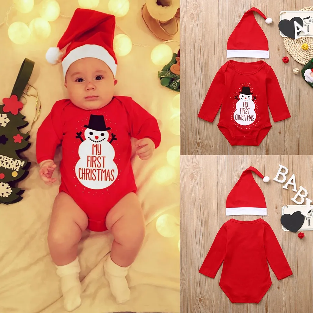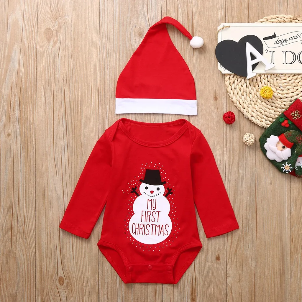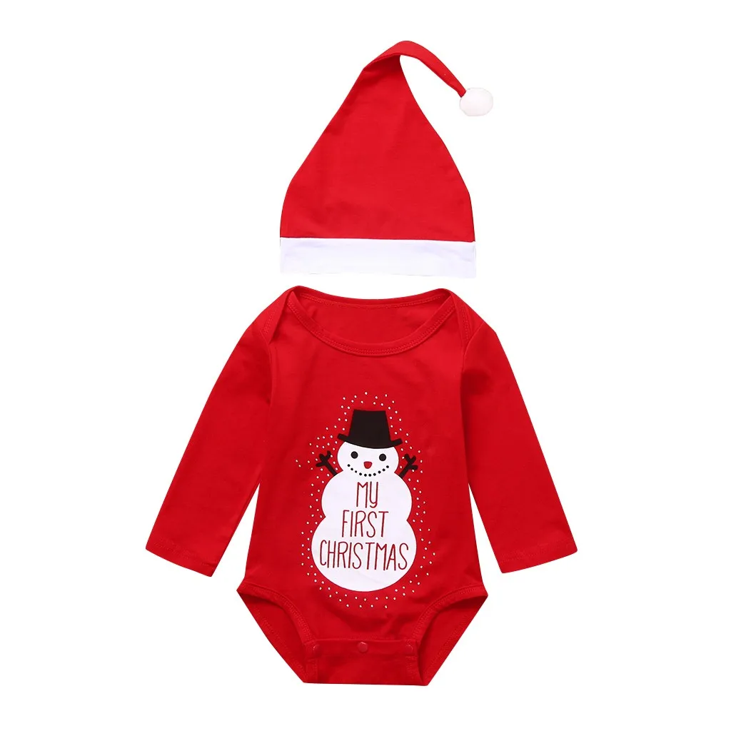 Christmas Toddler Baby Cartoon Letter Snowman Print Romper+Hat Clothes Set Suit lovely baby clothes christmas winter jumpsuit
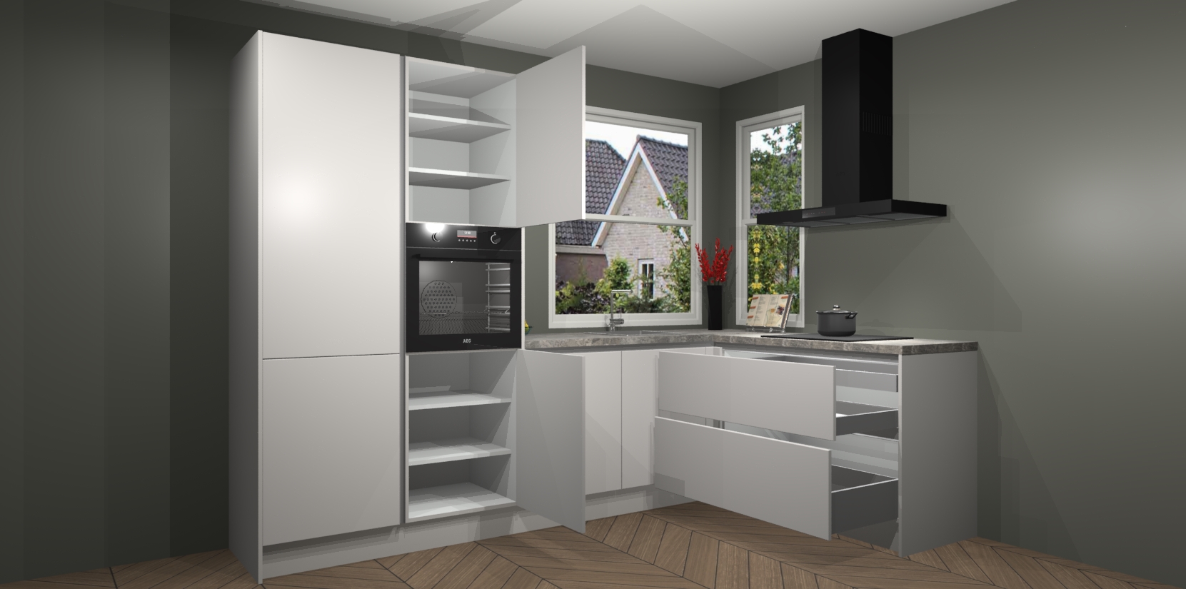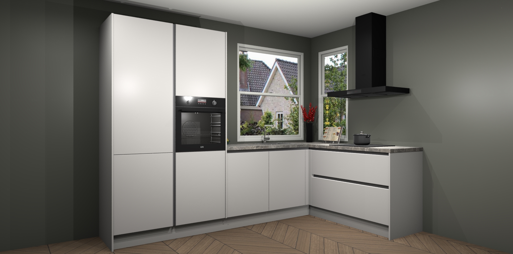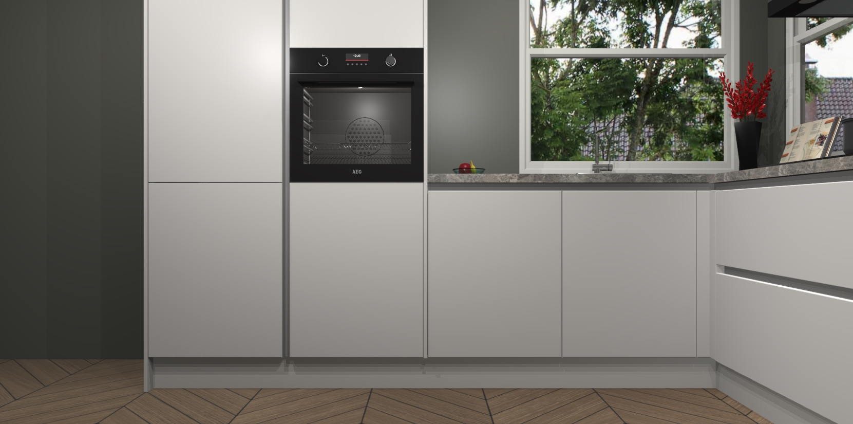 De Zijdegrijze greeploze keuken Kotor wordt geleverd met vijf inbouwapparaten, waaronder een oven, inductiekookplaat, afzuigkap, vaatwasser en koelkast. En als u uw apparatuur wilt upgraden, kunnen we u na bestelling eenvoudig helpen overstappen naar AEG. Bovendien heeft deze keuken soft close deuren, zodat lades en kastjes geruisloos en zonder klepperen sluiten!
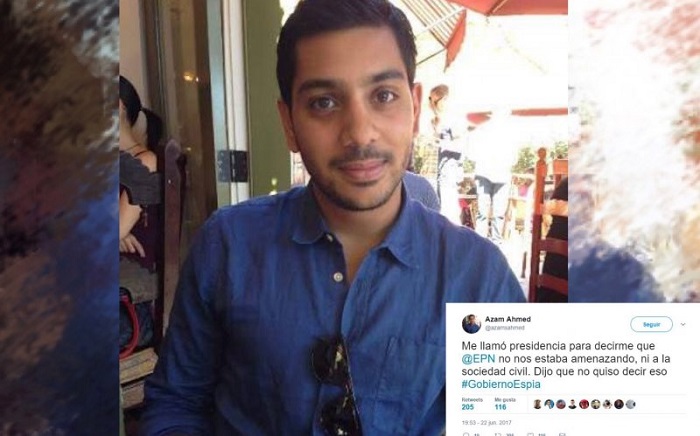 Así pues, Ahmed asestó en Twiter tremendo revés contra el copetón: “No estoy 100% seguro pero creo que el presidente acaba de ordenar una investigación contra la sociedad civil y el New York Times por la historia sobre espionaje #GobiernoEspia”.
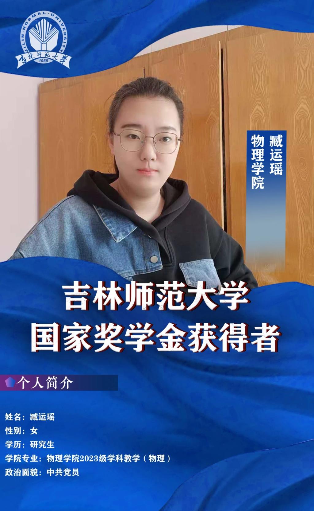 臧运瑶同学自进入研究生阶段以来,始终以严谨的态度、饱满的热情投入到学习、科研和实践中,展现了新时代研究生勤奋刻苦、勇于创新的精神风貌。她不仅在学业上取得了优异的成绩,还在科研创新、学科竞赛等方面表现突出,用实际行动诠释了“踔厉奋发,笃行不怠”的奋斗精神。
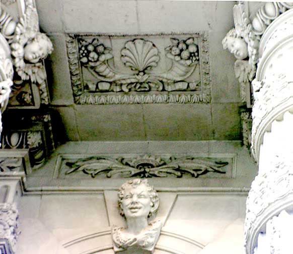 ![]() Joseph Ellicott ......![]() Daniel H. Burnham ... Photo source: Chicago History Museum ... Charles B. Atwood, principal designer of the Ellicott Square Building, the designer-in-chief of the World's Columbian Exposition ![]() ![]() ![]() Postcard ... Note cornice on top of building ![]() 10 stories tall ![]() South elevation ... At left: Fidelity Trust Bank/NYS Dept. of Labor ![]() Cornice, 9th, 10th stories ... Cornice removed in 1971 and partially restored ... Corrugated steel was added in 1971 ![]() Top: Terra cotta figures ... Anthemia feature Medusa superimposed on a palmette ... Egg-and-dart molding below: ![]() Medusa ![]() 10th story ... Below the cornice: Egg-and-dart molding ... Bead-and-reel molding ... Dentils and bellflowers ... Putti flanking crowned cartouche and laurel leaf wreath ... Grotesque with pendant bellflowers below ![]() 10th story ... Egg-and-dart molding ... Bead-and-reel molding ... Dentil molding and bellflowers .. Grotesques with pendant bellflowers below ... Laurel leaf band course ![]() 10th story ... Grotesque with pendant bellflower ... Side panels with leaf-and-dart molding ![]() 9th story ... Laurel leaf band course ... Ancone-shaped keystone in center of the arch decorated with Egg-and-dart molding and rosettes ![]() 7th story ... Dentil molding ... Quoins ... Vermiculated ancone keystone ... Pendant bellflower ![]() 6th story ... Greek key molding ... Dentil molding ... Vermiculated bands on pilasters ... Vitruvian wave molding ![]() 6th story ... Vermiculated band ... Vitruvian wave molding features bellflowers ... Dentil molding ![]() 2nd story ... Egg-and-dart molding ... Quoins ![]() 1st story ... Cast iron and glass ... Detail of south elevation where the Statler Restaurant was located in the Ellicott Square Building ... Three details below: ![]() 1st story detail #1 - Cast iron and glass ... Guilloche molding ... Bead-and-reel molding ![]() 1st story detail #2 - Cast iron and glass ![]() 1st story detail #3 - Guilloche molding ... Bead-and-reel molding ... Acanthus leaf above dentils |
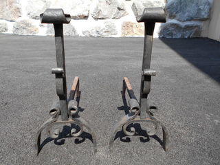 Vend une paire de chenets en acier : - hauteur : 42cm, - largeur : 19cm, - profondeur : 44,5cm, - poids : 3,2kg x 2 = 6,4kg. Prix à débattre.
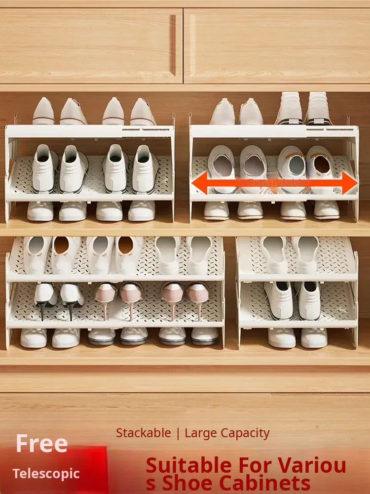 Adjustable Double-Layer Shoe Rack - Space-Saving Organizer with Tiered Shelves for Home Use, Perfect for Footwear Storage and Maximizing Your Space!
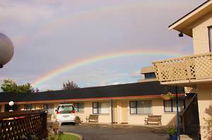 to the motel it was raining again but there was a pretty rainbow.
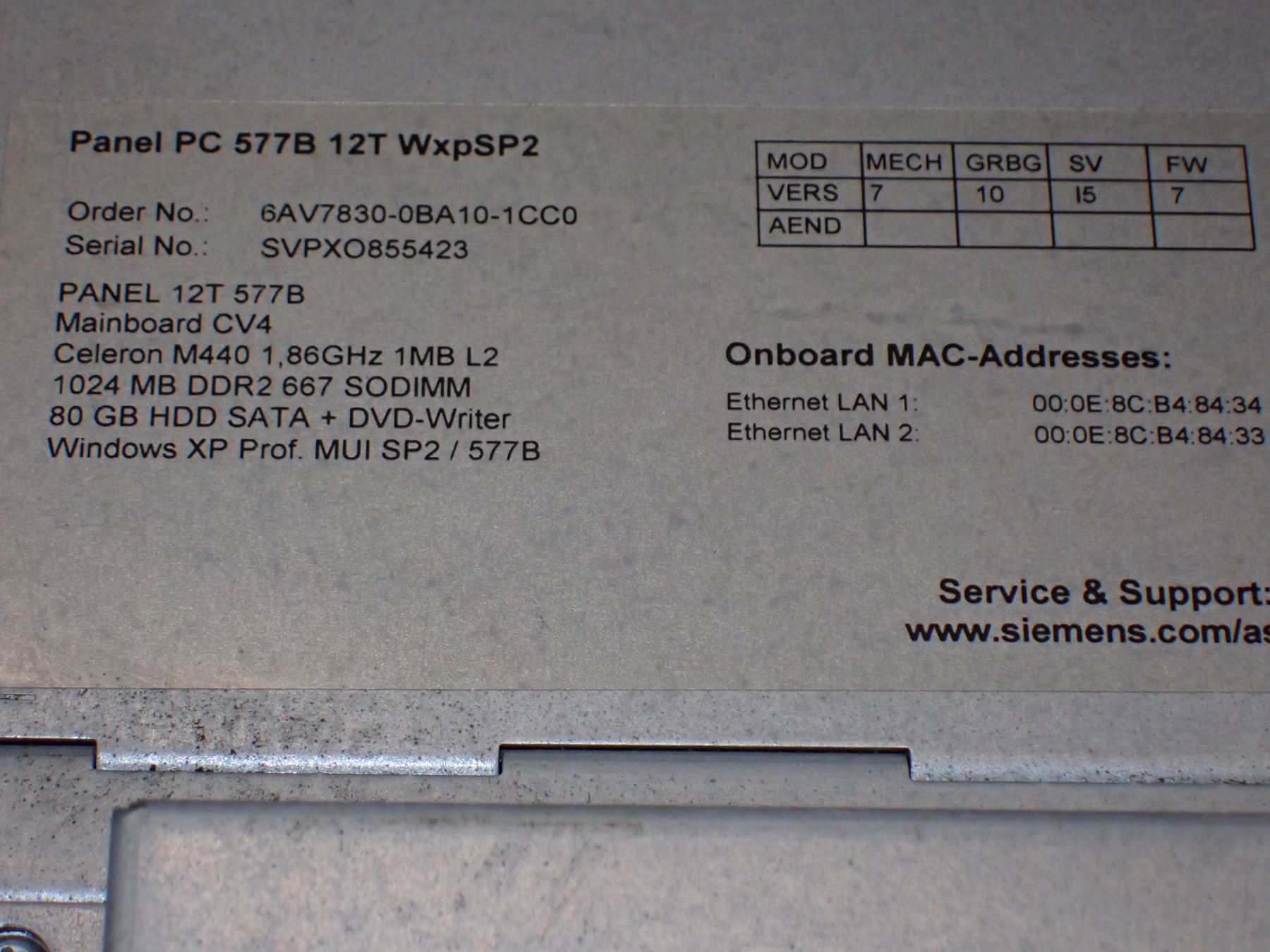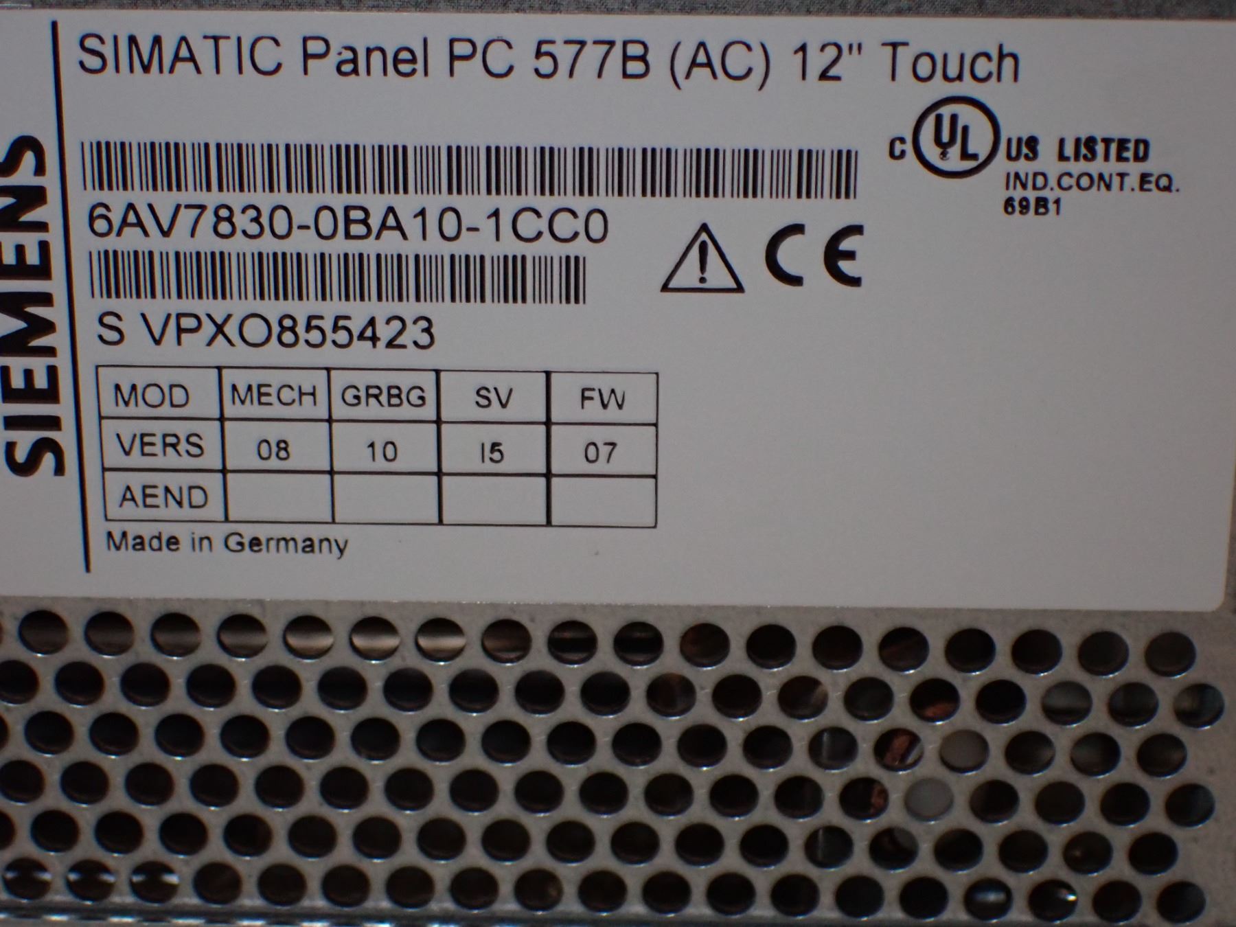 Siemens # 6AV7830-0BA10-1CC0 Simatic Panel PC

+===+

In the answer, give only the lines from the top of the data above through the line with "臧运瑶同学自进入研究生阶段以", reproduced exactly; no picture may appear.

 Christmas Toddler Baby Cartoon Letter Snowman Print Romper+Hat Clothes Set Suit lovely baby clothes christmas winter jumpsuit
 De Zijdegrijze greeploze keuken Kotor wordt geleverd met vijf inbouwapparaten, waaronder een oven, inductiekookplaat, afzuigkap, vaatwasser en koelkast. En als u uw apparatuur wilt upgraden, kunnen we u na bestelling eenvoudig helpen overstappen naar AEG. Bovendien heeft deze keuken soft close deuren, zodat lades en kastjes geruisloos en zonder klepperen sluiten!
 Así pues, Ahmed asestó en Twiter tremendo revés contra el copetón: “No estoy 100% seguro pero creo que el presidente acaba de ordenar una investigación contra la sociedad civil y el New York Times por la historia sobre espionaje #GobiernoEspia”.
 臧运瑶同学自进入研究生阶段以来,始终以严谨的态度、饱满的热情投入到学习、科研和实践中,展现了新时代研究生勤奋刻苦、勇于创新的精神风貌。她不仅在学业上取得了优异的成绩,还在科研创新、学科竞赛等方面表现突出,用实际行动诠释了“踔厉奋发,笃行不怠”的奋斗精神。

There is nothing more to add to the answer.